J. Bouley scite author profile

The large individual variation in meat quality seen both within and between animals is not fully understood. Consequently, our long-term goal is to identify reliable proteins which control or determine bovine meat quality. Using a proteomic approach, bovine skeletal muscle samples were analyzed by two-dimensional gel electrophoresis (2-DE) using an immobilized pH 4-7 gradient in the first dimension and mass spectrometry. We first tested the reproducibility of the method. These experiments showed slightly greater intersample than intrasample variability. In order to evaluate the type of visualized proteins in 2-DE, we initiated the construction of a protein reference map of bovine Semitendinosus muscle. In total, 129 protein spots corresponding to 75 different gene products were identified. Of these proteins, the largest portion is involved in metabolism (25.5%), cell structure (17%), cell defense (16%) and contractile apparatus (14.5%).
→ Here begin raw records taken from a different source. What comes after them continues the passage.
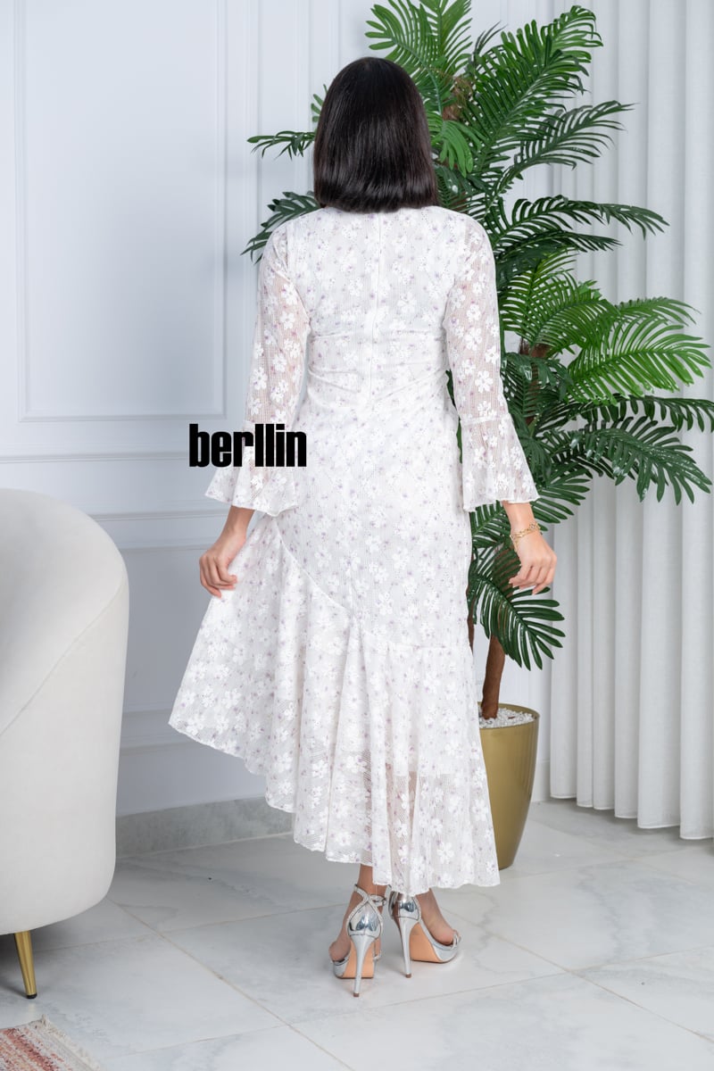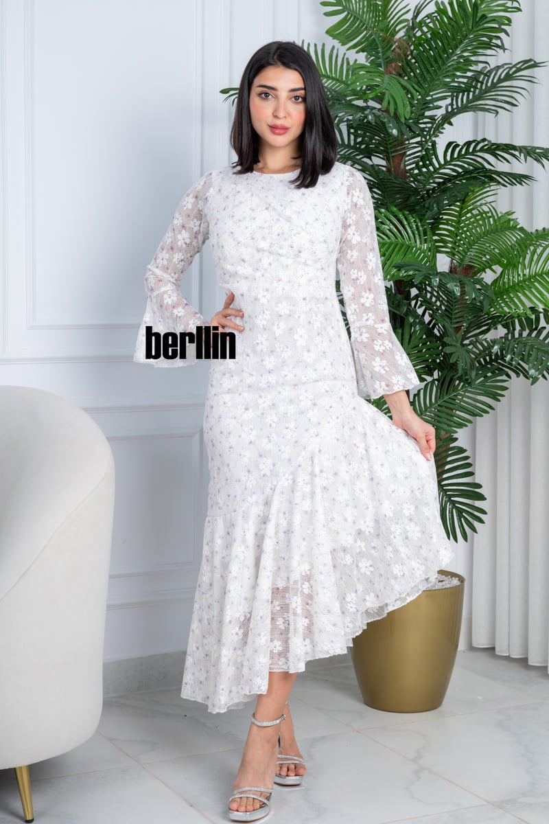 - الفستان يأتي بلون أبيض ناعم مزين بتطريزات زهرية صغيرة تضيف لمسة رومانسية ورقيقة.
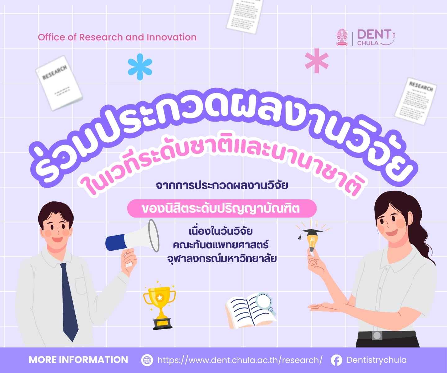The Faculty of Dentistry, Chulalongkorn University, invites undergraduate students to submit their research for consideration to represent the faculty in national and international research competitions. The selection will be based on research presentations from the faculty’s annual Research Day.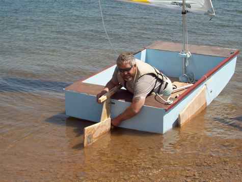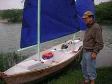 I went for a sail today! It was great to be on the water after this long winter!!!!!! But it was the first time I got #381 in the water. I am a self taught sailer and I am NOT a very good teacher. I learned some stuff today. I will be counting my pennies and putting in an order soon. I learned not to fudge on hardware, it ain’t worth it. I learned if it ain’t right at the dock it sure wont get any better out on the water!! I learned no matter how bad you want or need to sail into the wind it just ain’t going to happen!! My rudder was not mounted up right so it kind of laid over at an angle (not good). I did get some fast runs, enough to make the leeboard hum, then the clamp that held the leeboard in place broke and broke BIG. (I had it rigged so I could move it fore and aft as needed to figure out the trim for the sail.) The only thing to do was drop all sail pull up rudder and paddle 1/2 mile into the wind to get back to the dock. I still had fun though. I want to make the TX200 so bad I can taste it. I hope I ain’t one of the greenhorns that need to be rescued all the time if I do get to come down. P.S. I am building # 405 as we speak!!! Love your site. I am on it 2 or 3 times every day.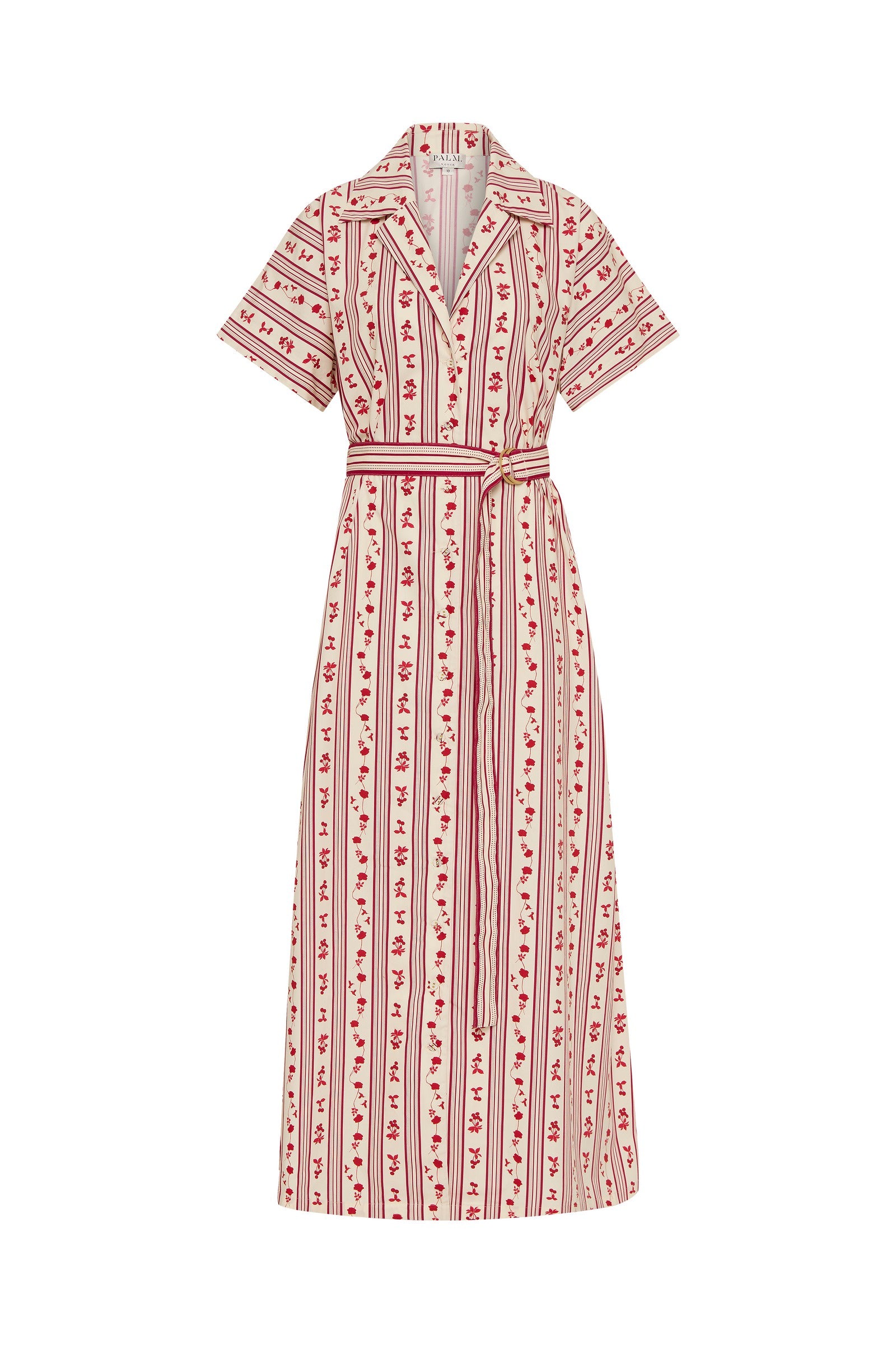 The Sylvie Dress is crafted from a premium Cotton Poplin, printed in our exclusive hand-drawn Raye Fleur print. The Sylvie Dress is designed as a relaxed fit, featuring cuffed sleeves, centre front button detailing, contrast piping and a notched collar. Style with the border print design d-ring belt to create a relaxed yet elevated look.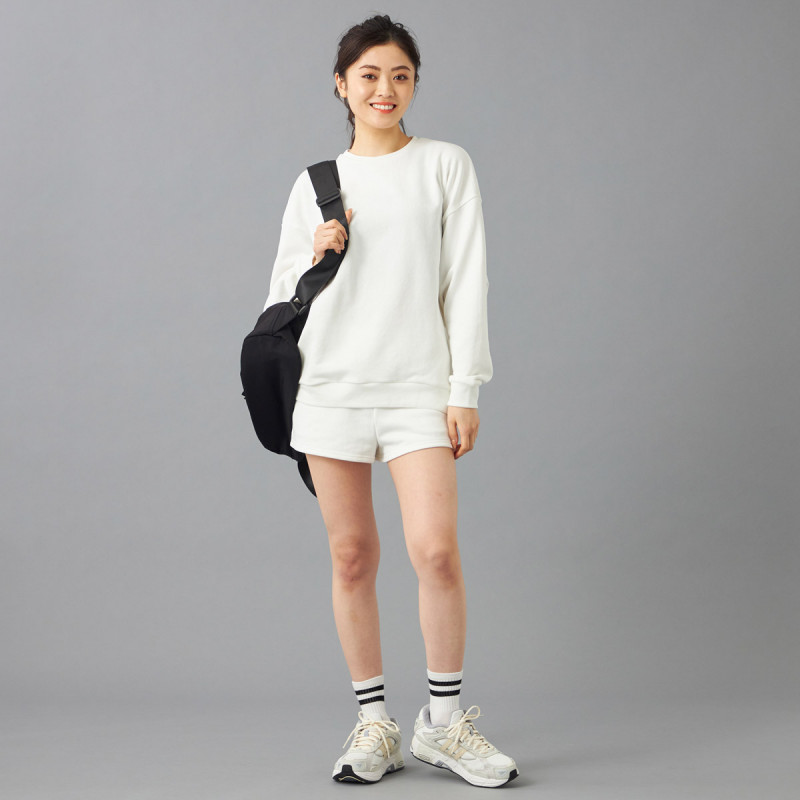ポリエステルを混紡することで一般的な綿100%の裏毛よりも軽くて乾きやすいので取り扱いがしやすく、程よい厚みで重ね着もしやすく日常やスポーツ時など幅広いシーンで利用可能。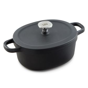 BergHOFF's Leo Graphite oval enameled cast iron 10.75" stockpot 5qt. will help you to create dishes full of flavor! This stockpot is large enough to roast a whole chicken and still leave room for extra garnish. Perfect for your slow cooking recipes and can be transferred from the cooktop to the oven to the table with ease and style. The sturdy cast iron construction ensures that this stockpot will last for years to come, making it a worthwhile investment for any home cook. Braise your meat for a tasty stew or a spicy curry while keeping it nice and juicy thanks to the basting bumps on the inside of the lid. This stockpot provides ample space for a variety of ingredients, suitable with any cooktop such as induction, electric, gas, halogen, and vitro-ceramic. Oven safe up to 535°F.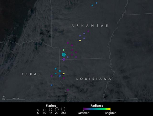 Size represents number of lightning flashes. Colors indicate flash brightness. The data are overlaid on a @noaa GOES image. go.nasa.gov/3hNlp1c

One quarter of the identified proteins are represented by two or several protein spots and multiple isoforms of troponin T are present. Peptide mass fingerprint results indicate that these isoforms are partly generated by alternative splicing. The data presented here are an important step for further proteome analyses on bovine muscle. This may lead to progress in understanding the mechanisms controlling postmortem muscle metabolism and meat quality.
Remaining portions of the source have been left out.